An equal representation is absolutely necessary to the preservation of liberty. But there can never be an equal representation, until there is an equal mode of education for all citizens. . . . Let public schools then be established in every county of the United States, at least as many as are necessary for the present population; and let those schools be supported by a general tax. . . .

Let it not be said, when we shall be no more, that the descendants of an Eastern nation, landed in this Western world, attacked the defenceless natives. . . only to establish narrow and inequitable policies, such as the governments of our forefathers were. But let us, since so much evil has been done, endeavour that some good may come of it. Let us begin by perfecting the system of education, as the proper foundation whereon to erect a temple of liberty, and to establish a wise, equitable and durable policy; that our country may become indeed an asylum to the distressed of every clime — the abode of liberty, peace, virtue, and happiness. . .

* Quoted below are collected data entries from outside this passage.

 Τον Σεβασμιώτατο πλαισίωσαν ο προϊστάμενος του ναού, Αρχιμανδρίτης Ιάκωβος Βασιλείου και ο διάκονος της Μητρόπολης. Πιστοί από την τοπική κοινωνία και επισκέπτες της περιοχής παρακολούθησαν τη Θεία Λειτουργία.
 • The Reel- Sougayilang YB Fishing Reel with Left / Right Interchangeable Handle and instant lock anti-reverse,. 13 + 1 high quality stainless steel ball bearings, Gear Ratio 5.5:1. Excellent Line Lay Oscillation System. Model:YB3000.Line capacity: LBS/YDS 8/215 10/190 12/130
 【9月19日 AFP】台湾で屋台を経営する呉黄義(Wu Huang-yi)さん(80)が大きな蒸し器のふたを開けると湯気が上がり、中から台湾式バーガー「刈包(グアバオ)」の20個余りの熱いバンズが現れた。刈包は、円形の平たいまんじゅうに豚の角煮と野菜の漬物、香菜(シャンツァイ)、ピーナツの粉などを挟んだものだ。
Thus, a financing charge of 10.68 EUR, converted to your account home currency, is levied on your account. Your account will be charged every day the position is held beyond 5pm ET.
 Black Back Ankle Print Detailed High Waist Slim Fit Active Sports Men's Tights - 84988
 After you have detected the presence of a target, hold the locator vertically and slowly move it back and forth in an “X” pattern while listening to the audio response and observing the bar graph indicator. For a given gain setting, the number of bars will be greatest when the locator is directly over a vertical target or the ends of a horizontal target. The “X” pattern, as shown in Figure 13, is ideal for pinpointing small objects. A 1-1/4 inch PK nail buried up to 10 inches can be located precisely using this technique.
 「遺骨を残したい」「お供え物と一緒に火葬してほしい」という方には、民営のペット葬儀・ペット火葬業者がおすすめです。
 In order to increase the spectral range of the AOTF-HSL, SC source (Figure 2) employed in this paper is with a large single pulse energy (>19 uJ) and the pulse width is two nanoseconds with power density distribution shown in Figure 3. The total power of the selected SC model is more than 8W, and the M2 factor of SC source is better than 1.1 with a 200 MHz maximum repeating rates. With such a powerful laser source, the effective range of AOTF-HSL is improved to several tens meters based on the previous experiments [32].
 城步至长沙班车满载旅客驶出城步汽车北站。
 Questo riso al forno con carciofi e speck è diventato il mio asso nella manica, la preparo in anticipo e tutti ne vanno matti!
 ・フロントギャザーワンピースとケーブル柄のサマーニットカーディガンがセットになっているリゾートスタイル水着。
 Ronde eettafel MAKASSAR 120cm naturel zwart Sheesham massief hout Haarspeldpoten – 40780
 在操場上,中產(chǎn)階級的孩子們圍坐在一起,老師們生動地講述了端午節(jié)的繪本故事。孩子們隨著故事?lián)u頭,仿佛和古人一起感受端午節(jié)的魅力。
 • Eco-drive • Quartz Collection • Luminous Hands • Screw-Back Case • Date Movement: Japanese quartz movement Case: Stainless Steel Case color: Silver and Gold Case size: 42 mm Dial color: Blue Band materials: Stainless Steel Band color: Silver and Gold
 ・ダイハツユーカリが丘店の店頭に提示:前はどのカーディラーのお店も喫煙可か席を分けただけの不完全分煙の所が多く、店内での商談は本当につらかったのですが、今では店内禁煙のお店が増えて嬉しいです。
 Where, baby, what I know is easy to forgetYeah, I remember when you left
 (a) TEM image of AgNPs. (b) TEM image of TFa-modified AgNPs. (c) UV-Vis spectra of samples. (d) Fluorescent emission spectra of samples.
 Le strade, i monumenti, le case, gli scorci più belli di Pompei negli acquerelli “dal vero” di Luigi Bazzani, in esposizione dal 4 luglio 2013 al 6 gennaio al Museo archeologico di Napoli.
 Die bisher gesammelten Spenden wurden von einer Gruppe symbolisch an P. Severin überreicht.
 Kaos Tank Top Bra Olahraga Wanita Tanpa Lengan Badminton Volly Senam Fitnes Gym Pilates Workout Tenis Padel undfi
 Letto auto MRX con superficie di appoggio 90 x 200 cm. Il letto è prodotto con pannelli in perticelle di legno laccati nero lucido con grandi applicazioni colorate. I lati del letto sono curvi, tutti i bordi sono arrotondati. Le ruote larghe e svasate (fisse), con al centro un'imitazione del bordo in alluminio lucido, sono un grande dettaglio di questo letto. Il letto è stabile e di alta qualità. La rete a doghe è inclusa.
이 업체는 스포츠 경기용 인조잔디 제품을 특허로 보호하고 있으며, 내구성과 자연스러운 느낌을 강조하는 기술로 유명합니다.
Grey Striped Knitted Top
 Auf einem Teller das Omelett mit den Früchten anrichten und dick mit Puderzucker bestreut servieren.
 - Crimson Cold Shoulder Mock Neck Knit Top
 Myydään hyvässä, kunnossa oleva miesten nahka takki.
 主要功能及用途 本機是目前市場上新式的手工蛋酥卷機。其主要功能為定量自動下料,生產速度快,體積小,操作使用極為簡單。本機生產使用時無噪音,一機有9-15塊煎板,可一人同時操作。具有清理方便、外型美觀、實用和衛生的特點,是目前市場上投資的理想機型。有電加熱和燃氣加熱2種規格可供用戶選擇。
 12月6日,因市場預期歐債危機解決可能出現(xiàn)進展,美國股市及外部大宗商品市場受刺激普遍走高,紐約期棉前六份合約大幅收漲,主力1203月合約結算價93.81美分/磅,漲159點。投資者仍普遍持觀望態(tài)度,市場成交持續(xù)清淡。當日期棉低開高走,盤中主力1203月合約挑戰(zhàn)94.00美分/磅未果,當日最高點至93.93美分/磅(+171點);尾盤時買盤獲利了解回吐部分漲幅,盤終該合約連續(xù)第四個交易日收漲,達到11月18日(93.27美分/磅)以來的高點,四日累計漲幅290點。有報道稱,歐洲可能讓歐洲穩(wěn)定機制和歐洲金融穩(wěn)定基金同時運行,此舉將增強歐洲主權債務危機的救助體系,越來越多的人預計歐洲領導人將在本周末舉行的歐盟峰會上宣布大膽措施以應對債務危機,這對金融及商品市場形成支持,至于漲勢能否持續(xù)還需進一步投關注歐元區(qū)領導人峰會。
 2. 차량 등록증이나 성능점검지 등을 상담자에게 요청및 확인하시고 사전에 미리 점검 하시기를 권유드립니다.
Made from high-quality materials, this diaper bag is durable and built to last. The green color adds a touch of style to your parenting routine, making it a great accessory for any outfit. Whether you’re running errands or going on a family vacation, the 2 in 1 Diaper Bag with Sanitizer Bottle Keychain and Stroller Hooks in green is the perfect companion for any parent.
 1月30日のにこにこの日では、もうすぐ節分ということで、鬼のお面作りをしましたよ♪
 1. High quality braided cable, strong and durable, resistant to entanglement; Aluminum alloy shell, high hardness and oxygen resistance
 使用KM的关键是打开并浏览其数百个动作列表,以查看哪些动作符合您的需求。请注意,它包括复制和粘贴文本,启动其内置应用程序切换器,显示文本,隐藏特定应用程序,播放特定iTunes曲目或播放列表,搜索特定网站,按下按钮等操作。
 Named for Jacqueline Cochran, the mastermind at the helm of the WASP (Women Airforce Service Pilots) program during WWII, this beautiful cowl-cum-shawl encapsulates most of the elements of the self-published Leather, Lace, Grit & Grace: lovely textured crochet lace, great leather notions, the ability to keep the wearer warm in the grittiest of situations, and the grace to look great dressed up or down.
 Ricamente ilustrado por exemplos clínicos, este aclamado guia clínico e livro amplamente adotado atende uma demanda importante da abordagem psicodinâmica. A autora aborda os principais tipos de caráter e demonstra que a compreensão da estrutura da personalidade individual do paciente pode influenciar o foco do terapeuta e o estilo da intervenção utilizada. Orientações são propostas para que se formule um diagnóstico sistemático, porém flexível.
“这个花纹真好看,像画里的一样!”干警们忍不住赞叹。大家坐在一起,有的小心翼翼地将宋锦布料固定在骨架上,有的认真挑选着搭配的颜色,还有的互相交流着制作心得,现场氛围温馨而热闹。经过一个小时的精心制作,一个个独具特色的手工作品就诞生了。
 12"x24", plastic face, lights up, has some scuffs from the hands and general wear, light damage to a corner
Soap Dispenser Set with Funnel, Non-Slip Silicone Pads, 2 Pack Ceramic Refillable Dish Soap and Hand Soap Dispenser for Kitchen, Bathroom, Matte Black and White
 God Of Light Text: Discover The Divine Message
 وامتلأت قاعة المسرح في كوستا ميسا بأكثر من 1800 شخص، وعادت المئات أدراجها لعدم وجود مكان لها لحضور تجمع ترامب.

Jefferson had his own education plans: He wanted to involve Black and Native people not as students, but as “subjects of natural history.” And he wanted to reserve higher schooling for the wealthy and a small, elite selection of poor boys, so that “twenty of the best geniuses will be raked from the rubbish annually.”

Coram would go on to organize protests against Washington’s administration, insisting it had steered the country further away from democracy. He died young and his work faded from public view, but Coram’s vision of education and economic justice would echo through new generations of teachers and activists.